How to complete this task: Copy the listing that follows exactly. Its pictures do not belong in the copy.

◆ ◆ ◆

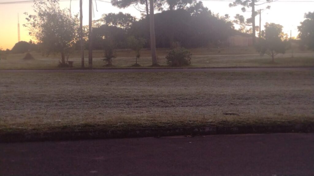A madrugada desta quarta-feira, 25 de junho, foi considerada a mais fria do ano com temperaturas baixas e geada. A reportagem recebeu imagens de várias regiões da cidade e área rural.
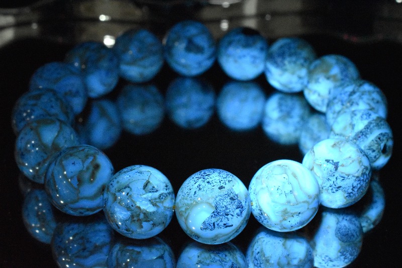 紫外線を当てると透明感のあるブルーに輝き神秘さを感じます。
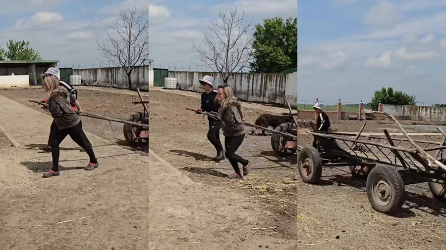 Videoclipurile încărcate pe o rețea de socializare nu mai au nevoie de nicio prezntare. Într-unul dintre ele, femeia s-a lăsat filmată în timp ce – împreună cu unul dintre copiii ei – trăgea de zor de o căruță. Îmbrăcată într-un trening, cu papuci, accesorizată cu ochelari de soare și pe ritmurile melodiei lui Tzancă Uraganu, fosta concurentă de la Chefi la cuțite a făcut furori pe social media.
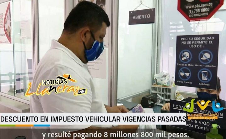 La deuda de Guillermo Gómez, ya ascendía a los $31’000.000, pero al acogerse al beneficio histórico del impuesto vehicular solo pagó $8’800.000. Guillermo manifiesta que «sirve pagar, sirve acercarse a realizar las cancelaciones e invita a los contribuyentes del departamento a que se acerquen a la Gobernación del Meta a pagar el impuesto que se encuentra con muy buenos descuentos.
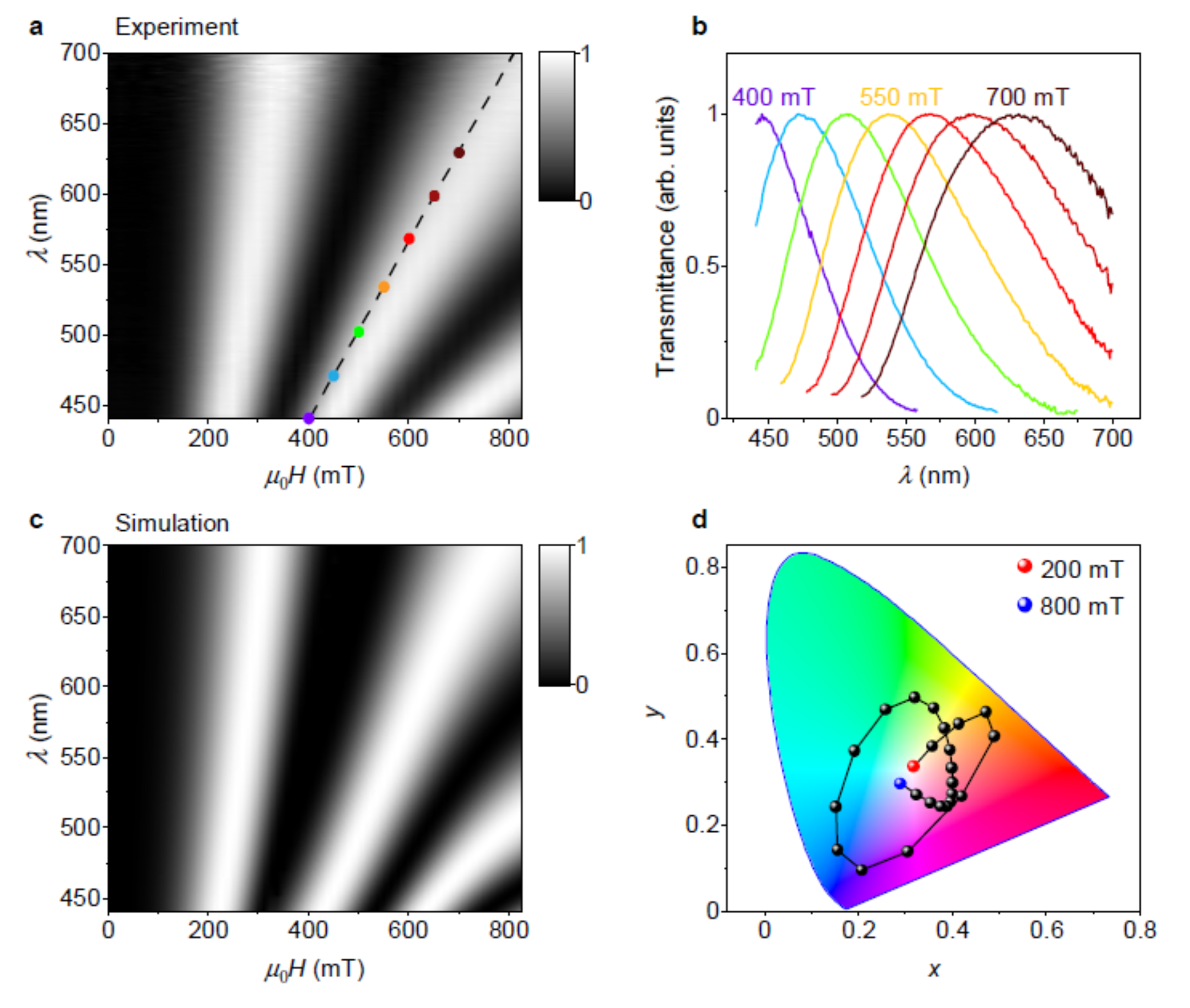 图1 基于宽带隙磁性二维材料分散液的磁致透射干涉色效应
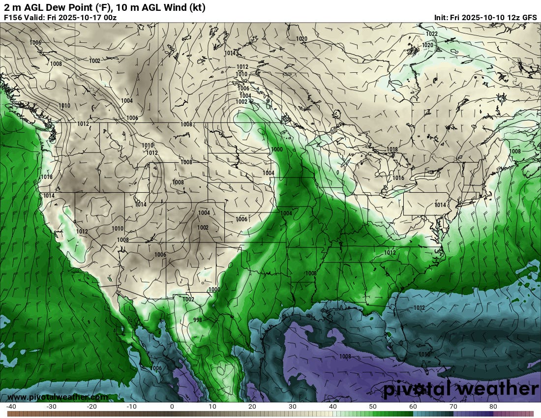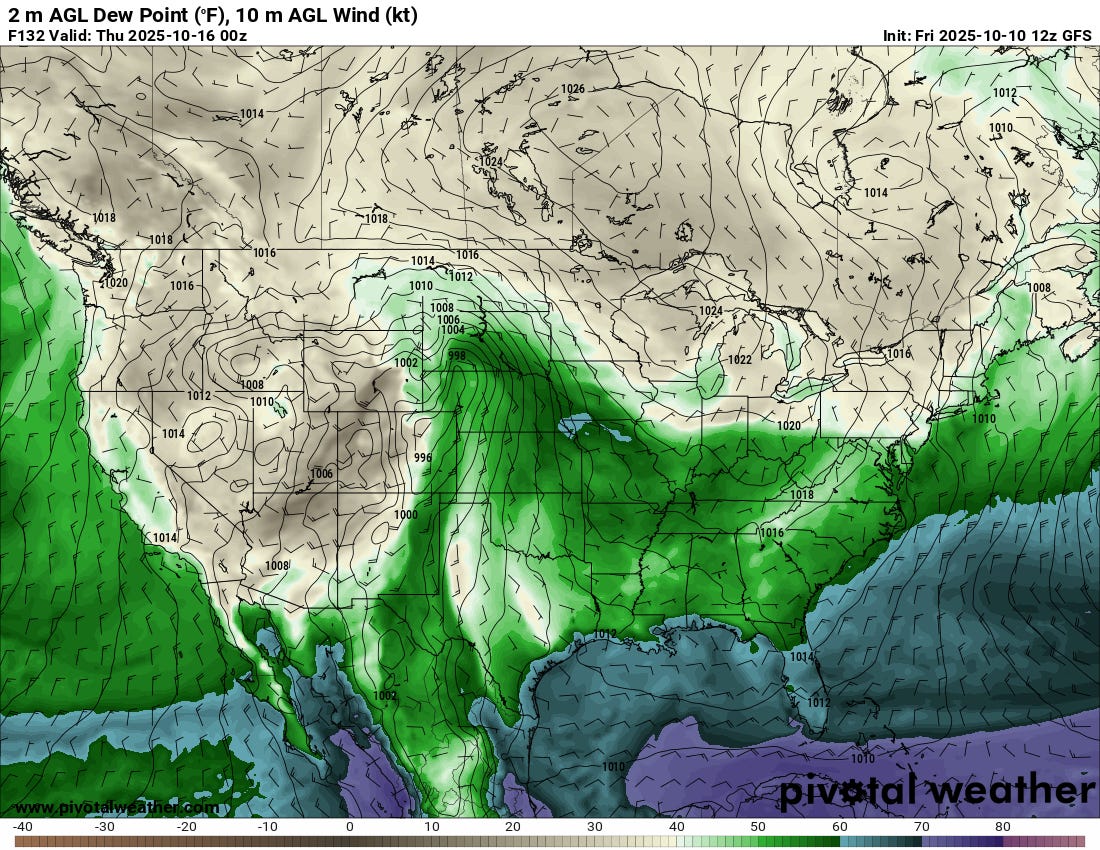 As a strong trough approaches the middle of the country next week, unsettled weather will be on the menu. However, that weak low in the Gulf of Mexico may portend serious issues for moisture quality.

◆ ◆ ◆

Answer section:
A madrugada desta quarta-feira, 25 de junho, foi considerada a mais fria do ano com temperaturas baixas e geada. A reportagem recebeu imagens de várias regiões da cidade e área rural.
 紫外線を当てると透明感のあるブルーに輝き神秘さを感じます。
 Videoclipurile încărcate pe o rețea de socializare nu mai au nevoie de nicio prezntare. Într-unul dintre ele, femeia s-a lăsat filmată în timp ce – împreună cu unul dintre copiii ei – trăgea de zor de o căruță. Îmbrăcată într-un trening, cu papuci, accesorizată cu ochelari de soare și pe ritmurile melodiei lui Tzancă Uraganu, fosta concurentă de la Chefi la cuțite a făcut furori pe social media.
 La deuda de Guillermo Gómez, ya ascendía a los $31’000.000, pero al acogerse al beneficio histórico del impuesto vehicular solo pagó $8’800.000. Guillermo manifiesta que «sirve pagar, sirve acercarse a realizar las cancelaciones e invita a los contribuyentes del departamento a que se acerquen a la Gobernación del Meta a pagar el impuesto que se encuentra con muy buenos descuentos.
 图1 基于宽带隙磁性二维材料分散液的磁致透射干涉色效应
 As a strong trough approaches the middle of the country next week, unsettled weather will be on the menu. However, that weak low in the Gulf of Mexico may portend serious issues for moisture quality.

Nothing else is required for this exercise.